# Simple STATISTICS 1 PROBLEM...really stuck!Watch

#1
Hi guys,

I am doing S1 edexcel and my textbook states the below:

In the normal distribution chapter, (page 179)

If P ( Z< a ) is greater than 0.5, then a will be > 0
If P ( Z< a ) is less than 0.5, then a will be less than 0

If P ( Z > a ) is LESS than 0.5, then a will be > 0
If P ( Z > a ) is more than 0.5, then a will be < 0

1. I don't understnad how the normal distribution diagram for each of the above senarios looks like.
2. The book expects that in future questions based on the above one should be able to draw the diagrams, but I don't get how you would know exactly where the 'a' is for instance, like is it positive or negative side of mean or anything.
3. EXAMPLE QUESTION: P (Z > a) = 0.6879 . How does the sketch for this one look like?
4. Are there any tricks or techniques that I am missing, which could be helpful to me in understanding the above.

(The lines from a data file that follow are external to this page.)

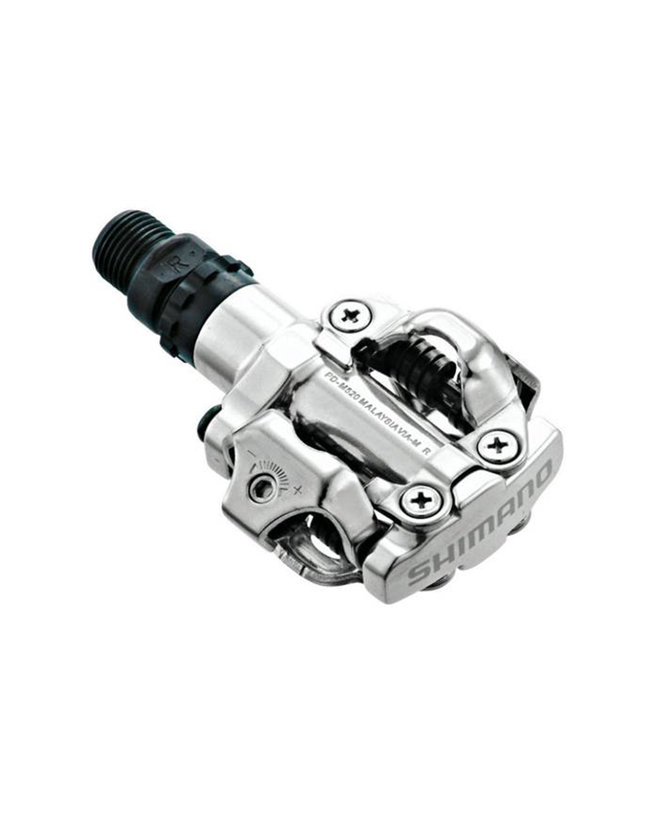 Pedala MTB PDM520 z zasnovo SPD. Reverzibilna zapornica. Osnovni pedali za začetnike kolesarje MTB. Nastavljiva sila zaklepanja za vpenjanje zamaška. Dobre lastnosti čiščenja pedal na blatnem terenu. Enostavna zasnova ušes za enostavno servisiranje iz krom-molibdenovega jekla. Priloženi z zamaški SM-SH51 za enostransko sprostitev vpenjanja.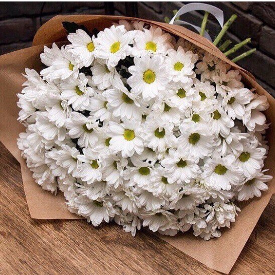Высота стебля хризантем 60 см, кол-во хризантем в букете 15 шт.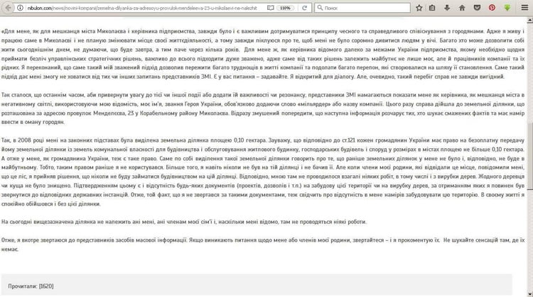 На засідання прийшла громадськість. Мене ще раніше було залучено до розгляду цієї судової справи у якості третьої особи, тож я надав суду копію публікації від 4 серпня 2014 р. на офіційному сайті «НІБУЛОН» під назвою «Земельна ділянка за адресою провулок Менделєєва, 23 у Миколаєві не належить ані Олексію Вадатурському, ані членам його родини», де наводились його слова:
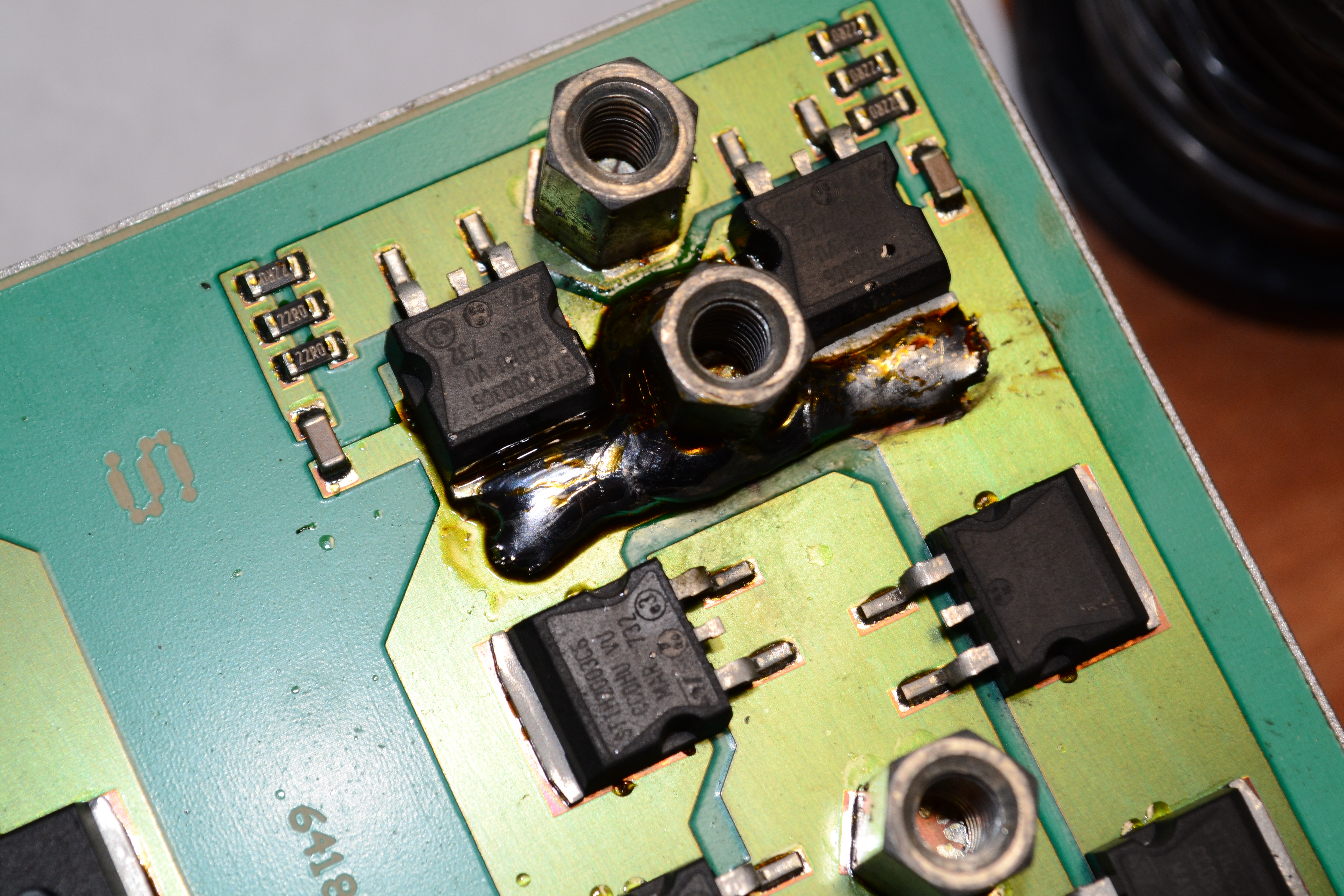Да, тут как в анекдоте, французы такие развратники (так у них сделаны все (за исключением ранних) IMS, GYSmi и Fubag). У них у всех сила по IMS-технологии собрана (плата на алюминиевой основе приклеена к радиатору). Я просто весь радиатор бросаю на газовую плиту, главное температуру контролировать, чтобы не расплавить припой, иначе силиконовый герметик стягивает все детали и модуль можно выбросить. Ну а когда нагрел обычным паяльником пается...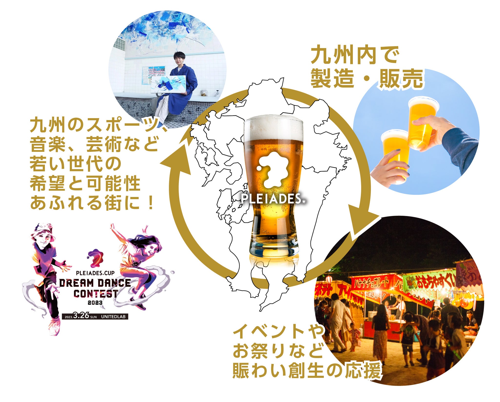 福岡・九州のスポーツ・アート・音楽・ダンスなどのスポンサードや大会の開催を通じ、その収益の一部が地域に還元される、「飲めば飲むほど人も街も幸せになる」ことをコンセプトにした、これまでにない新しい形でお届けする九州発のビールです。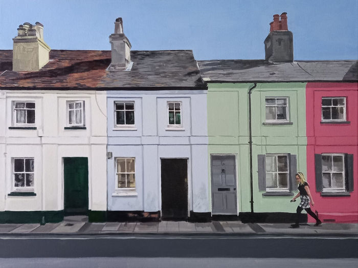 I was drawn to these colourful houses in my hometown and love how the chimneys cast long shadowsAcrylic on deep edge canvas60cm x 45cmUnframed

I am homestudying, cannot ask a teacher or anything

Really really appreciate any little help.
Thanks
0
7 years ago
#2
(Original post by pHneutral)
Hi guys,

I am doing S1 edexcel and my textbook states the below:

In the normal distribution chapter, (page 179)

If P ( Z< a ) is greater than 0.5, then a will be > 0
If P ( Z< a ) is less than 0.5, then a will be less than 0

If P ( Z > a ) is LESS than 0.5, then a will be > 0
If P ( Z > a ) is more than 0.5, then a will be < 0

1. I don't understnad how the normal distribution diagram for each of the above senarios looks like.
2. The book expects that in future questions based on the above one should be able to draw the diagrams, but I don't get how you would know exactly where the 'a' is for instance, like is it positive or negative side of mean or anything.
3. EXAMPLE QUESTION: P (Z > a) = 0.6879 . How does the sketch for this one look like?
4. Are there any tricks or techniques that I am missing, which could be helpful to me in understanding the above.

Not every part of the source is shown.